PROBLEM TO WORK ON — Each entry below must be repeated exactly. Leave the pictures out of it.

PROVIDED RECORDS —
>>>>>

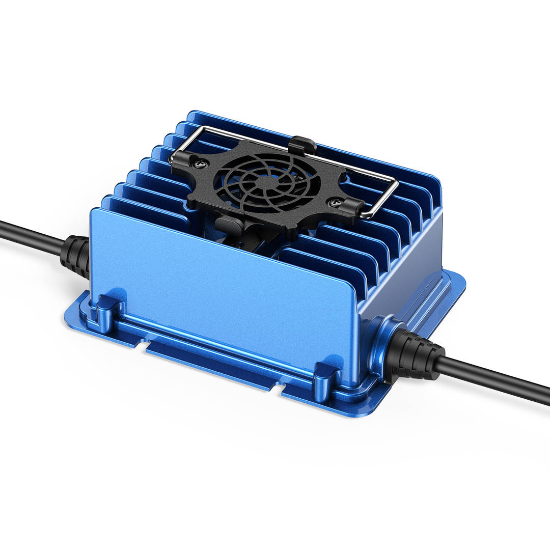 Específicamente, cuando el cargador carga una batería de litio de 57,6V, y alcanza la etapa de voltaje constante de 57,6V y la corriente alcanza los 2A, el cargador se corta automáticamente; Cuando el cargador carga una batería de plomo-ácido de 57,6V y alcanza la etapa de voltaje constante de 57,6V y la corriente alcanza los 5A, el cargador cambia a la etapa de carga de flotación de 55,2V. Si utiliza el cargador diseñado para baterías de litio para cargar baterías de plomo-ácido , de esta forma reducirá la vida útil de las baterías de plomo-ácido debido a la falta de carga flotante de 55,2v; Si utiliza el cargador diseñado para baterías de plomo-ácido para cargar baterías de litio , de esta forma hará que la batería de litio no se cargue completamente debido al proceso de carga flotante de 55,2v. Por lo tanto, recomendamos que las baterías de plomo-ácido y las baterías de litio sean cargadas por sus cargadores especialmente diseñados respectivamente.
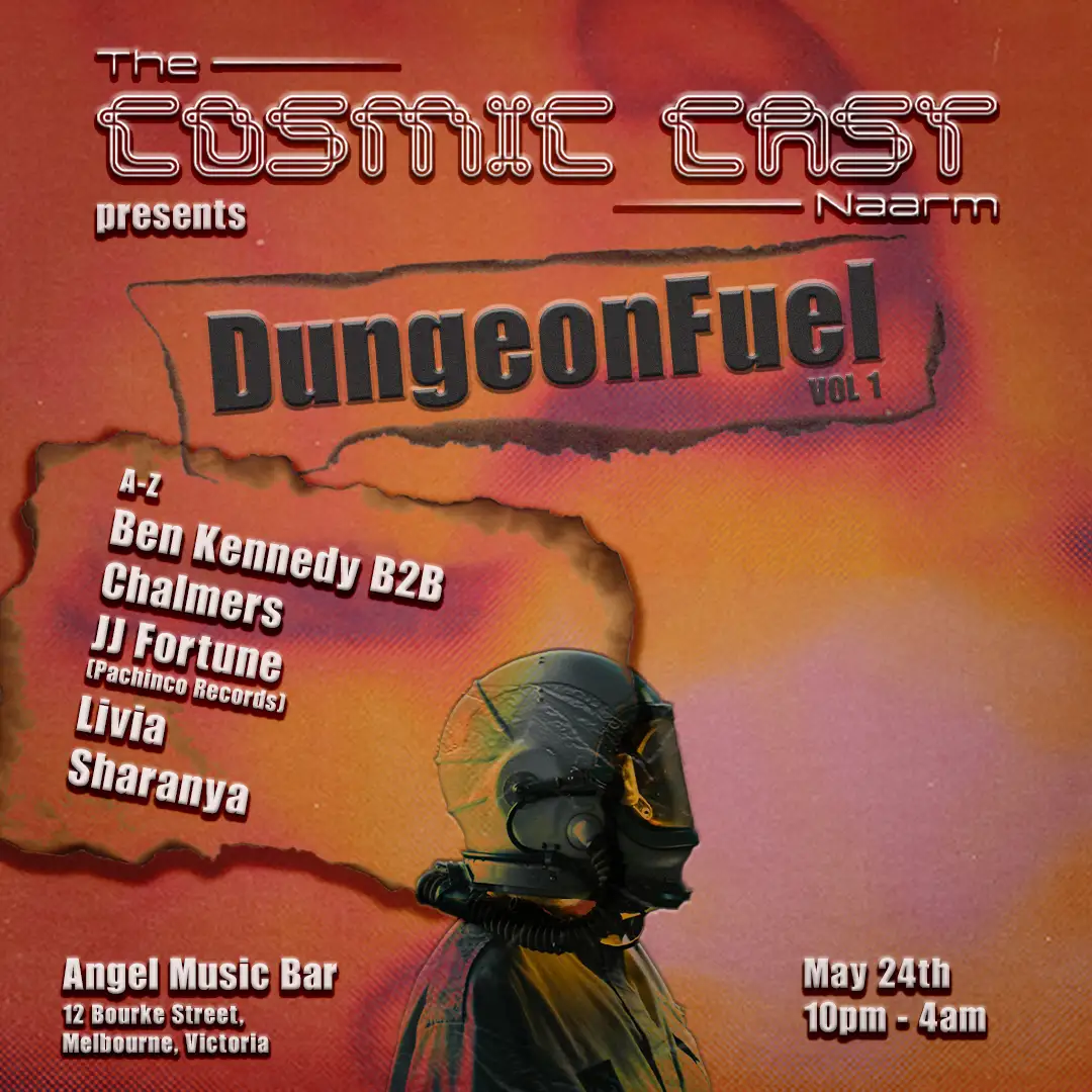 fter a resounding success at our launch party a few months ago, The Cosmic Cast proudly presents Dungeon Fuel, making its debut on May 24th at the esteemed Angel Music Bar, showcasing talented local artists from Naarm. Embark on a six-hour journey of meticulously curated music featuring sets by Livia, Sharanya, JJ Fortune, and The Cosmic Cast's very own Ben Kennedy, who will be joined by Gary Chalmers for a B2B set. Get ready to immerse yourself in a dynamic and vibrant voyage back to simpler times, as the sounds of tech house, techno, progressive, acid, and trance fill the air. Our mission is to cultivate a safe environment where you can unwind with friends, indulge in top-notch music, and savour a refreshing beer. Discrimination, racism, and sexism have no place here. We prioritise the safety and well-being of all attendees and expect everyone to consume alcohol responsibly. Any disruptive or disrespectful behaviour will not be tolerated, and those who engage in such conduct will be promptly escorted out. We acknowledge that this event is taking place on traditional land and pay our respects to the original custodians, the Wurundjeri people, both past and present.
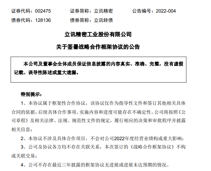 2月11日晚,立讯精密公告,当日,立讯精密与奇瑞控股集团有限公司(下称“奇瑞控股”)、奇瑞汽车股份有限公司(下称“奇瑞股份”)、奇瑞新能源汽车股份有限公司(下称“奇瑞新能源”)(“奇瑞控股”、“奇瑞股份”、“奇瑞新能源”及其关联方合称“奇瑞集团”)于芜湖共同签署了《战略合作框架协议》,为双方奠定战略合作伙伴关系。
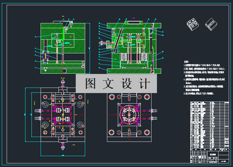 接线端子就是配电柜中大量用到的电气连接件,第2章完成结构分析及其H2519接线端子的选材,决定采用一模4腔,侧浇口,大水口两板模具。在开始进行模具结构设计之前运用三维绘图软件和AUTOCAD二维绘图软件对H2519接线端子三维立体图及产品零件图进行绘制,从H2519接线端子产品的成型结构特征开始、到对分型面分析及位置的选择、模具浇注系统设计、型芯型腔结构设计和尺寸计算,脱模推出机构、冷却系统、导向机构的设计等多方面详细叙述了H2519接线端子注射模大致设计过程。与此同时合理地选用了注塑机型号,而且对注塑机压力,锁模力及顶出力等工艺参数进行详细校核,进而保证了设计的合理性及正规性。如此设计出的注射模结构才能确保模具工作运行可靠。
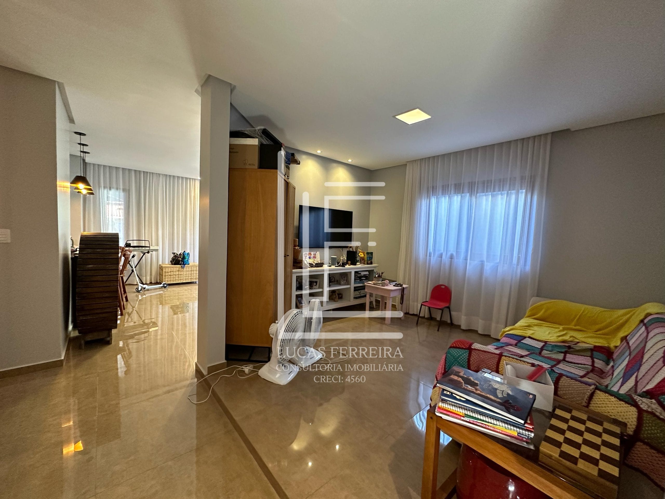 – Com sala ampla para 3 ambientes;
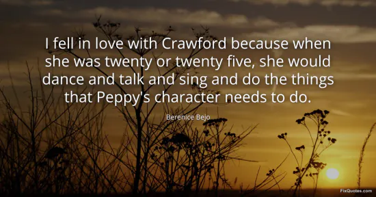 Bejo, Berenice. (2026, January 17). I fell in love with Crawford because when she was twenty or twenty five, she would dance and talk and sing and do the things that Peppy's character needs to do. FixQuotes. https://fixquotes.com/quotes/i-fell-in-love-with-crawford-because-when-she-was-37907/
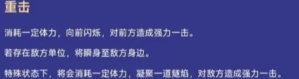 2、重击:消耗一定的体力向前闪烁,凝聚一道火焰,向敌方造成强力一击。
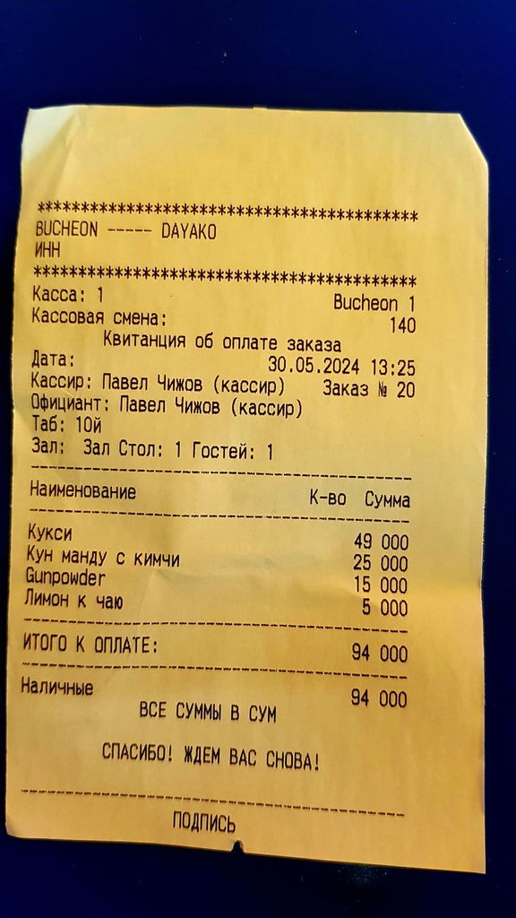 Но...нужно быть внимательным к чекам, после кукси захотелось сладкого, заказал капучино и пирожное, и только дома обратил внимание на фото, что пробили ещё эспрессо за 18 000 сум :dash2:

<<<<<

EXERCISE ANSWER —
 Específicamente, cuando el cargador carga una batería de litio de 57,6V, y alcanza la etapa de voltaje constante de 57,6V y la corriente alcanza los 2A, el cargador se corta automáticamente; Cuando el cargador carga una batería de plomo-ácido de 57,6V y alcanza la etapa de voltaje constante de 57,6V y la corriente alcanza los 5A, el cargador cambia a la etapa de carga de flotación de 55,2V. Si utiliza el cargador diseñado para baterías de litio para cargar baterías de plomo-ácido , de esta forma reducirá la vida útil de las baterías de plomo-ácido debido a la falta de carga flotante de 55,2v; Si utiliza el cargador diseñado para baterías de plomo-ácido para cargar baterías de litio , de esta forma hará que la batería de litio no se cargue completamente debido al proceso de carga flotante de 55,2v. Por lo tanto, recomendamos que las baterías de plomo-ácido y las baterías de litio sean cargadas por sus cargadores especialmente diseñados respectivamente.
 fter a resounding success at our launch party a few months ago, The Cosmic Cast proudly presents Dungeon Fuel, making its debut on May 24th at the esteemed Angel Music Bar, showcasing talented local artists from Naarm. Embark on a six-hour journey of meticulously curated music featuring sets by Livia, Sharanya, JJ Fortune, and The Cosmic Cast's very own Ben Kennedy, who will be joined by Gary Chalmers for a B2B set. Get ready to immerse yourself in a dynamic and vibrant voyage back to simpler times, as the sounds of tech house, techno, progressive, acid, and trance fill the air. Our mission is to cultivate a safe environment where you can unwind with friends, indulge in top-notch music, and savour a refreshing beer. Discrimination, racism, and sexism have no place here. We prioritise the safety and well-being of all attendees and expect everyone to consume alcohol responsibly. Any disruptive or disrespectful behaviour will not be tolerated, and those who engage in such conduct will be promptly escorted out. We acknowledge that this event is taking place on traditional land and pay our respects to the original custodians, the Wurundjeri people, both past and present.
 2月11日晚,立讯精密公告,当日,立讯精密与奇瑞控股集团有限公司(下称“奇瑞控股”)、奇瑞汽车股份有限公司(下称“奇瑞股份”)、奇瑞新能源汽车股份有限公司(下称“奇瑞新能源”)(“奇瑞控股”、“奇瑞股份”、“奇瑞新能源”及其关联方合称“奇瑞集团”)于芜湖共同签署了《战略合作框架协议》,为双方奠定战略合作伙伴关系。
 接线端子就是配电柜中大量用到的电气连接件,第2章完成结构分析及其H2519接线端子的选材,决定采用一模4腔,侧浇口,大水口两板模具。在开始进行模具结构设计之前运用三维绘图软件和AUTOCAD二维绘图软件对H2519接线端子三维立体图及产品零件图进行绘制,从H2519接线端子产品的成型结构特征开始、到对分型面分析及位置的选择、模具浇注系统设计、型芯型腔结构设计和尺寸计算,脱模推出机构、冷却系统、导向机构的设计等多方面详细叙述了H2519接线端子注射模大致设计过程。与此同时合理地选用了注塑机型号,而且对注塑机压力,锁模力及顶出力等工艺参数进行详细校核,进而保证了设计的合理性及正规性。如此设计出的注射模结构才能确保模具工作运行可靠。
 – Com sala ampla para 3 ambientes;
 Bejo, Berenice. (2026, January 17). I fell in love with Crawford because when she was twenty or twenty five, she would dance and talk and sing and do the things that Peppy's character needs to do. FixQuotes. https://fixquotes.com/quotes/i-fell-in-love-with-crawford-because-when-she-was-37907/
 2、重击:消耗一定的体力向前闪烁,凝聚一道火焰,向敌方造成强力一击。
 Но...нужно быть внимательным к чекам, после кукси захотелось сладкого, заказал капучино и пирожное, и только дома обратил внимание на фото, что пробили ещё эспрессо за 18 000 сум :dash2:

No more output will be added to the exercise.